Long Duration Design Rainfall

Many types of agricultural conservation and hydraulic engineering structures are designed to accommodate rainfall-produced floods of a certain magnitude in order to function safely at a given level of risk. Models of flood attributes such as peak discharges and flood volumes require inputs of so-called “extreme” rainfall that may be expected to occur only very infrequently, e.g. with recurrence intervals of 2 or 10 or 50 or even 100 years.

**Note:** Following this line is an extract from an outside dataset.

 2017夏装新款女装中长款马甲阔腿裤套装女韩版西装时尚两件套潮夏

Climate change is expected to change rainfall regimes in a manner that is likely to lead to increases in the intensity and frequency of extreme rainfall events of both short durations (minutes to hours) and longer durations of 1 day or 2 or 3 consecutive days.

Because reliable estimates of flood magnitudes and frequencies based on long time series of good quality observed streamflow data are seldom available at a location of interest, rainfall-based methods of flood frequency estimations are usually resorted to. This requires a probabilistic approach to analysing rainfall or simulated streamflow for design purposes. The terms “design rainfall” and “design streamflow” are then used to describe the

  • depth (magnitude, in mm or m3) of rainfall or streamflow, for a critical
  • duration (1 day or 2 or more consecutive days), which depends on the size of the catchment, for a desired
  • frequency of recurrence (e.g. statistically once in 2 or 10 or 20 or 50 or even once in 100 years, depending on the size and economic importance of the structure). This is commonly referred to as the “return period”. A return period of, say, 10 years implies a statistical probability of recurrence once in 10 years or 10 times in 100 years, and not that it will recur regularly every 10 years. 

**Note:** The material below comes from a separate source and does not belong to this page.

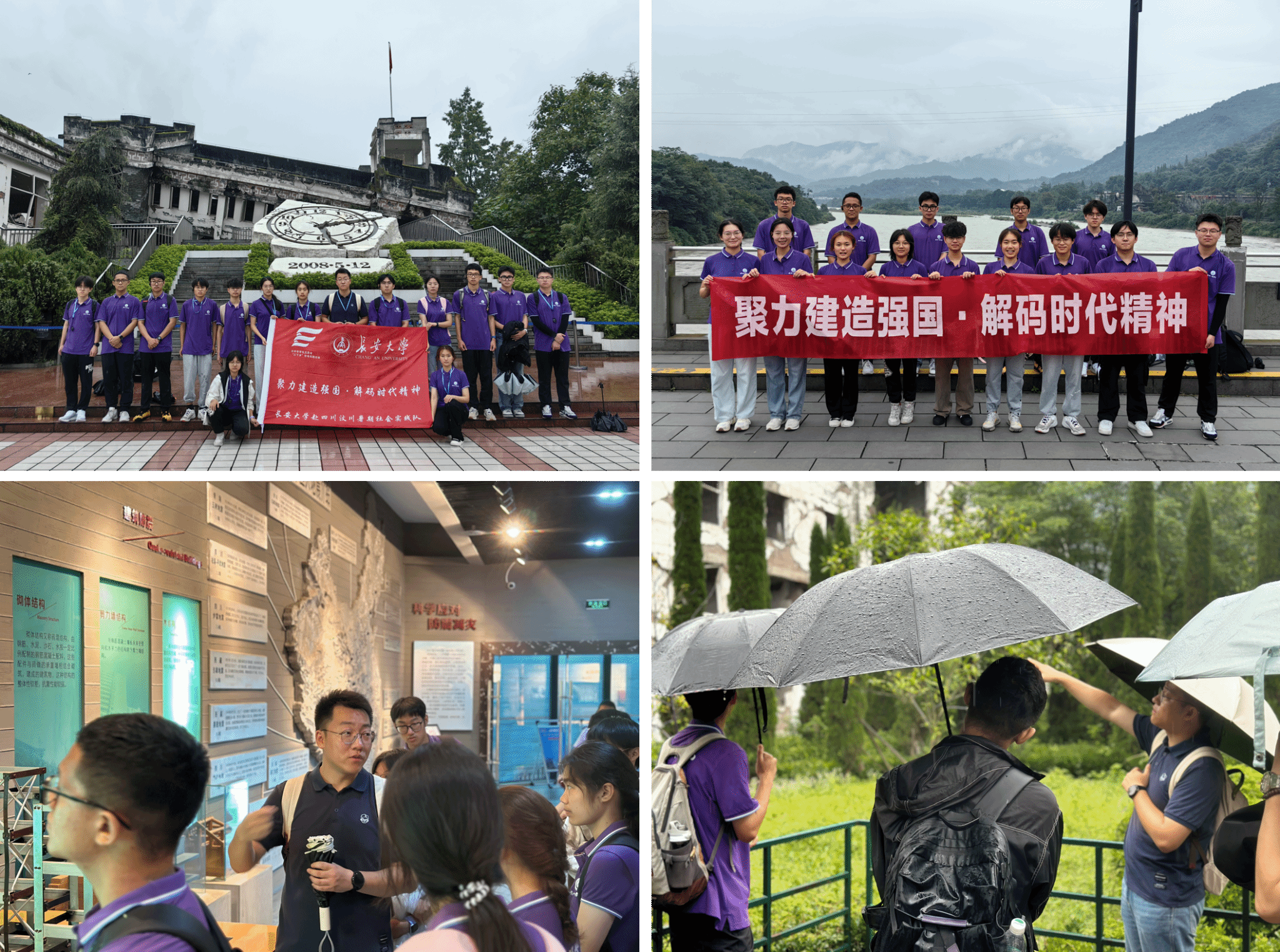 为深入学习贯彻习近平总书记关于青年工作的重要论述,将专业教育融入时代精神,引导土木学子在强国建设中彰显担当,7月11日至17日,环球ug登录网站赴四川汶川“聚力建造强国·解码时代精神”暑期社会实践队,先后走进汶川地震震中遗址、都江堰水利工程、中建五局三公司、四川大学等地开展专业实践调研和时代精神学习,探索“专业实践+课程思政”实践育人新思路。

Historical estimates of design rainfalls of long duration (1:10 and 1:50 year return periods) were computed using the 50-year daily rainfall datasets of each of the Quinaries covering the region, as described in the section Background: Climate Change Modelling and in Schulze et al. (2010). 

Future projections of variables based on rainfall are not presented here for reasons given in the section on Mean Annual Precipitation. The future maps of long duration design rainfall can be included once there is a greater model agreement and confidence in the results.

Maps

Map Information

In the following maps, historical 1:10 year return period design rainfall (mm) for a 1-day duration, for 2 consecutive days, and for 3 consecutive days are presented. The same three durations, but for 1:50 year design rainfalls, are also presented.

There is a progressive increase in design rainfall from one to two to three days’ duration for a given return period. A significant increase in design rainfalls is also noticeable from the 1:10 to the 1:50 year return period.

The 1:10 year 1-day design rainfalls range from ca. 50-150 mm, with outliers around 200 mm. For both the 2 and 3 consecutive day 1:10 year rainfalls the ranges remain similar, but progressively the areas covered by the higher extreme events expand. 

For the 1:50 year extreme events, rainfall magnitudes are considerably higher. This is testimony to the long duration frontal rainfalls experienced over much of the region, and especially in the mountains, in the all-year-rainfall area in the south-east, and along the northern border, with multi-day extremes up to 400 and 450 mm.